*PROBLEM STATEMENT*: Print, exactly as written, the line in the entries below that contains "2017. gada 5." and every line after it up to and including the last. Omit pictures.

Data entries
——
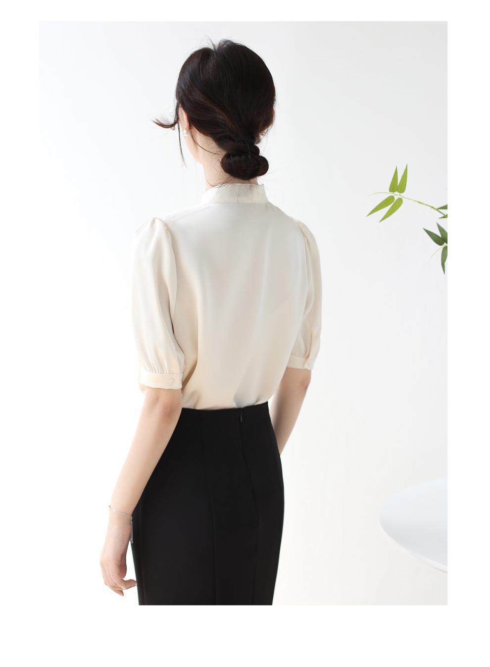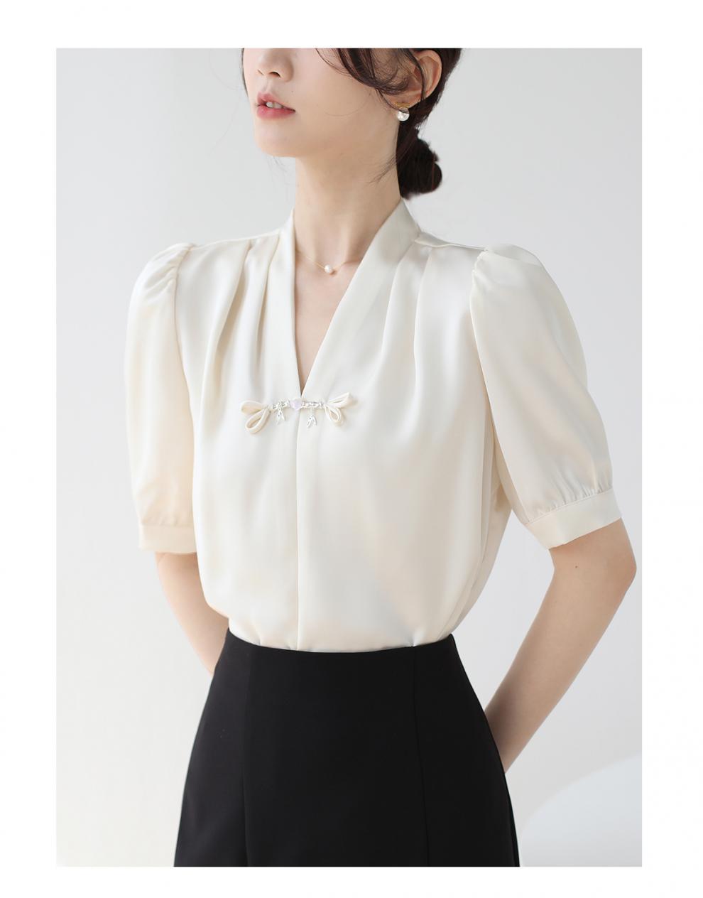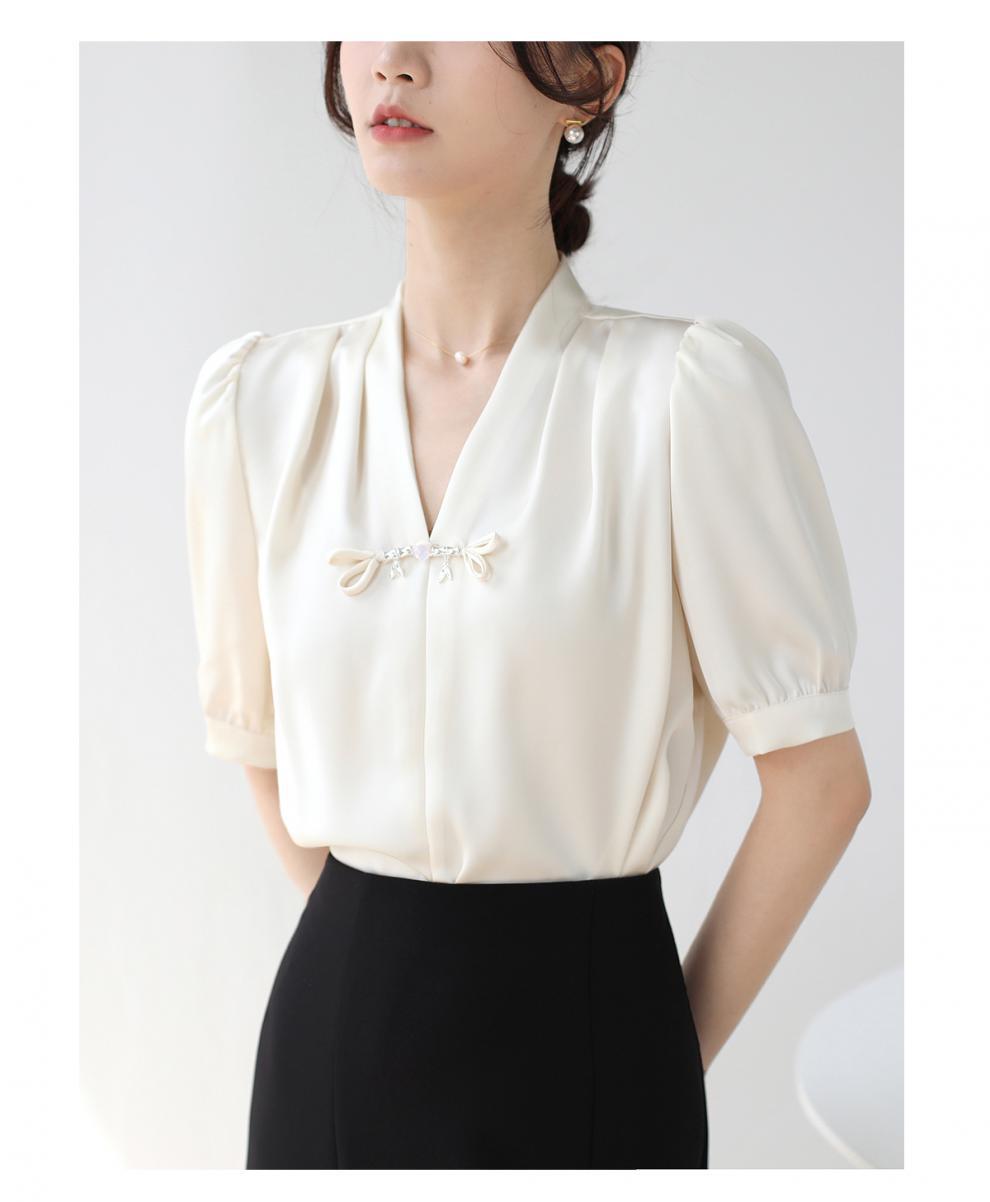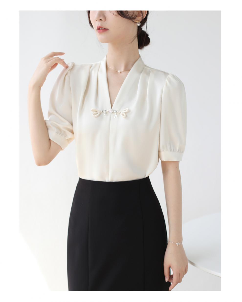 그물 이미지 복고풍 새로운 중국 스타일 V 넥 버클 짧은 소매 셔츠 여성의 여름 새로운 빛 국가 스타일 새틴 작은 셔츠 탑
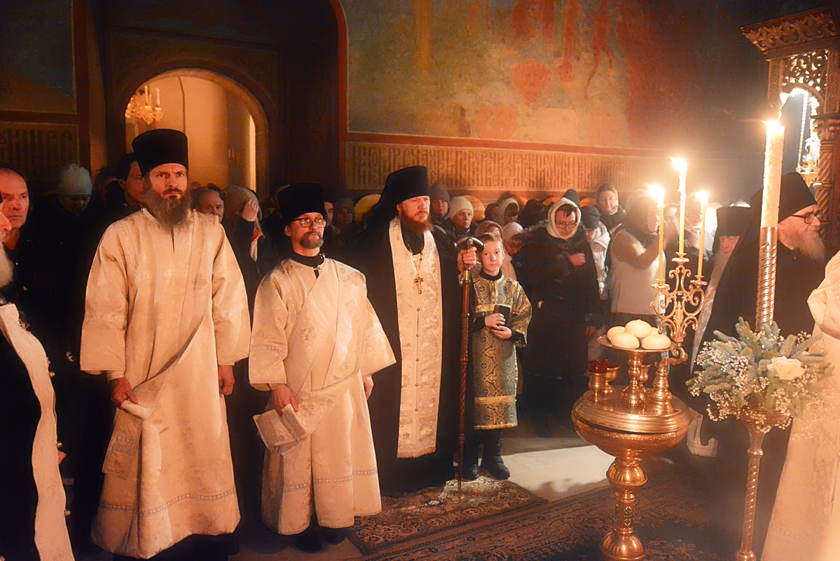 7 января Православная Церковь отмечает праздник Рождества Христова. Накануне праздника 6 января в Пафнутиевом монастыре прошло всенощное бдение, состоящее из великого повечерия с литией, утрени и 1 часа.
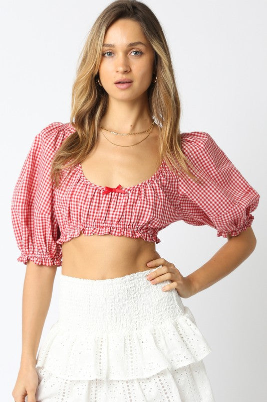 The Minnie Red Gingham Puff Sleeve Linen Top
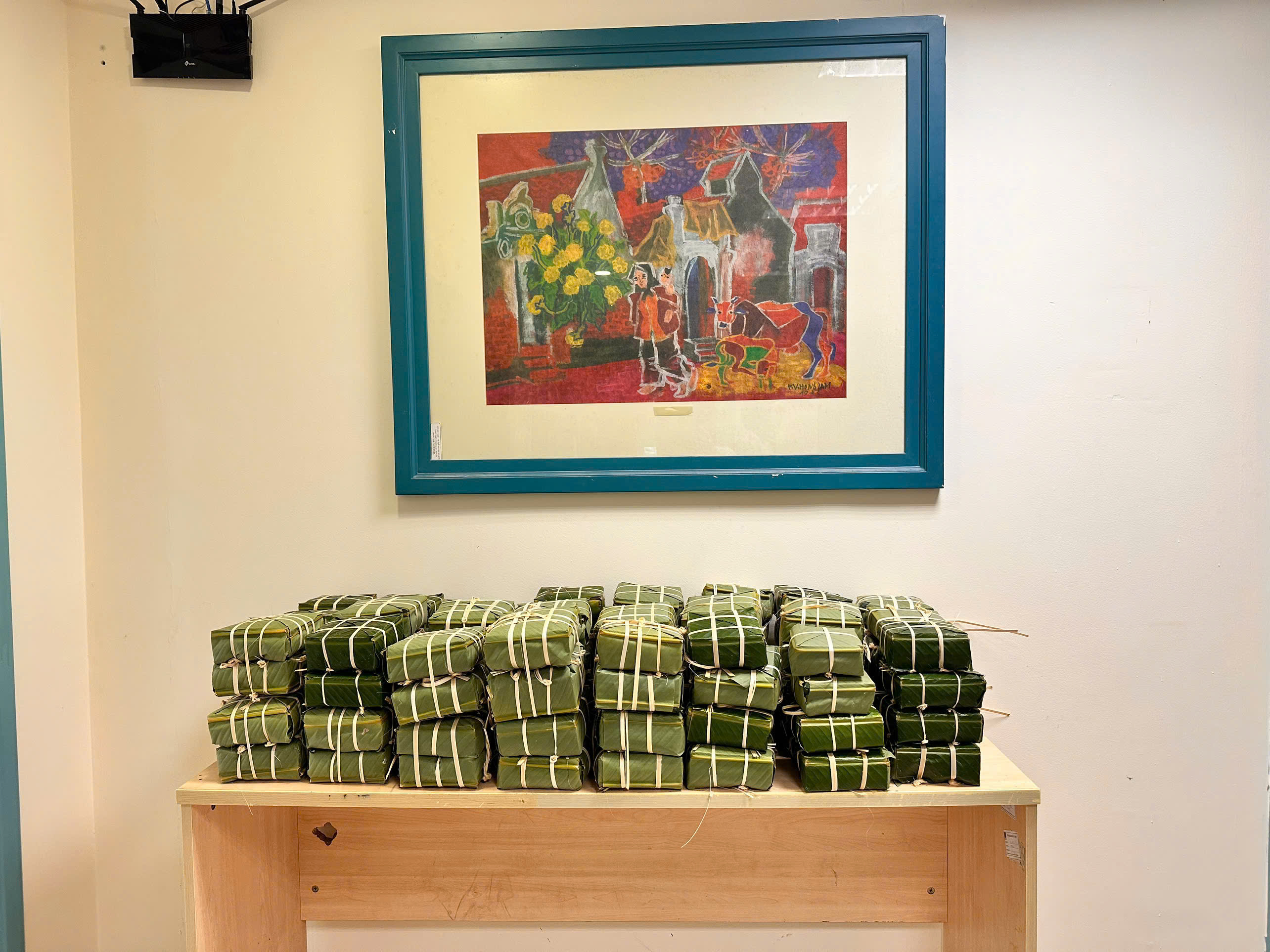 Đêm xuống, mọi người lại quây quần bên bếp lửa, thay nhau canh nồi bánh, kể chuyện cuối năm, chia sẻ những dự định mới. Ngọn lửa hồng cháy đều, hơi nước nghi ngút, tiếng cười xen lẫn tiếng củi tí tách… tạo nên một khoảng thời gian thật ấm áp và gần gũi. Khoảnh khắc được mong đợi nhất là khi bánh chin, mọi người cùng nhau vớt bánh, chuyền tay từng chiếc còn nóng hổi, rồi tỉ mỉ ép bánh cho ráo nước, ai cũng thấy háo hức như đang chạm vào thành quả của chính mình. Những chiếc bánh xếp ngay ngắn, xanh màu lá, thơm mùi nếp mới — giản dị mà đầy tự hào. Không chỉ là chuẩn bị một món ăn ngày Tết, hoạt động gói bánh còn là dịp để mọi người thêm gắn kết, lưu giữ hương nếp mới, mùi lá dong, hơi ấm bếp lửa… và hơn hết là tinh thần đoàn kết của tập thể PV Shipyard.
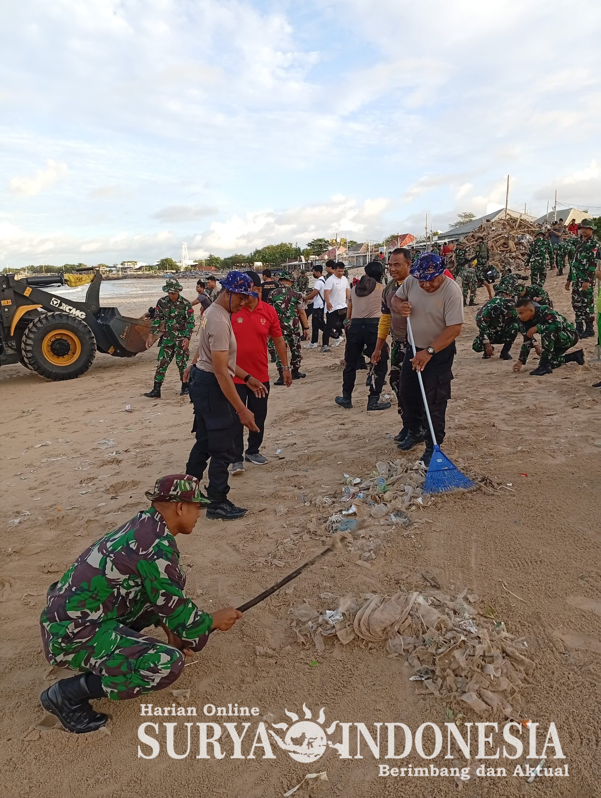Aksi tersebut melibatkan personel TNI/Polri bersama masyarakat setempat dan pengelola kawasan pantai dengan membersihkan sampah plastik, kayu, serta limbah lainnya yang terbawa arus laut dan tersebar di sepanjang garis pantai.
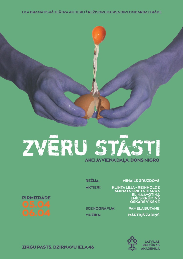 2017. gada 5. un 6. aprīlī plkst. 19.00 Latvijas Kultūras akadēmijas Teātra mājā “Zirgu pasts” notiks Dramatiskā teātra aktiera mākslas un režijas mākslas 4. kursa studentu diplomdarba “Zvēru stāsti” pirmizrāde Mihaila Gruzdova režijā.
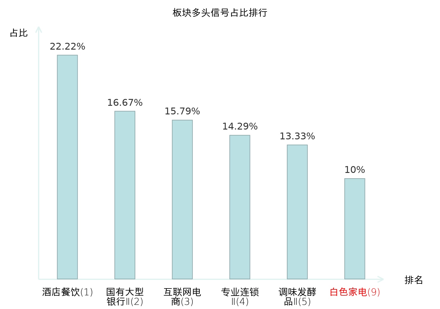 从主力宝信号数据分析,深康佳A所属的白色家电板块中共1只股票发出主力多头信号,主力多头信号占比在全行业中排名第9位,较昨日上升102位。排名的大幅上升表明主力对于该板块的买入意愿显著增强,为投资者提供了重要的市场信号。全市场所有行业板块中主力多头信号占比排名中,酒店餐饮板块位居第一;国有大型银行Ⅱ板块名次提升最快,较昨日上升121位。这些变动揭示了主力资金在不同行业间的偏好变化,为投资者理解市场动态提供了重要依据。
——
*RESULT*:
 2017. gada 5. un 6. aprīlī plkst. 19.00 Latvijas Kultūras akadēmijas Teātra mājā “Zirgu pasts” notiks Dramatiskā teātra aktiera mākslas un režijas mākslas 4. kursa studentu diplomdarba “Zvēru stāsti” pirmizrāde Mihaila Gruzdova režijā.
 从主力宝信号数据分析,深康佳A所属的白色家电板块中共1只股票发出主力多头信号,主力多头信号占比在全行业中排名第9位,较昨日上升102位。排名的大幅上升表明主力对于该板块的买入意愿显著增强,为投资者提供了重要的市场信号。全市场所有行业板块中主力多头信号占比排名中,酒店餐饮板块位居第一;国有大型银行Ⅱ板块名次提升最快,较昨日上升121位。这些变动揭示了主力资金在不同行业间的偏好变化,为投资者理解市场动态提供了重要依据。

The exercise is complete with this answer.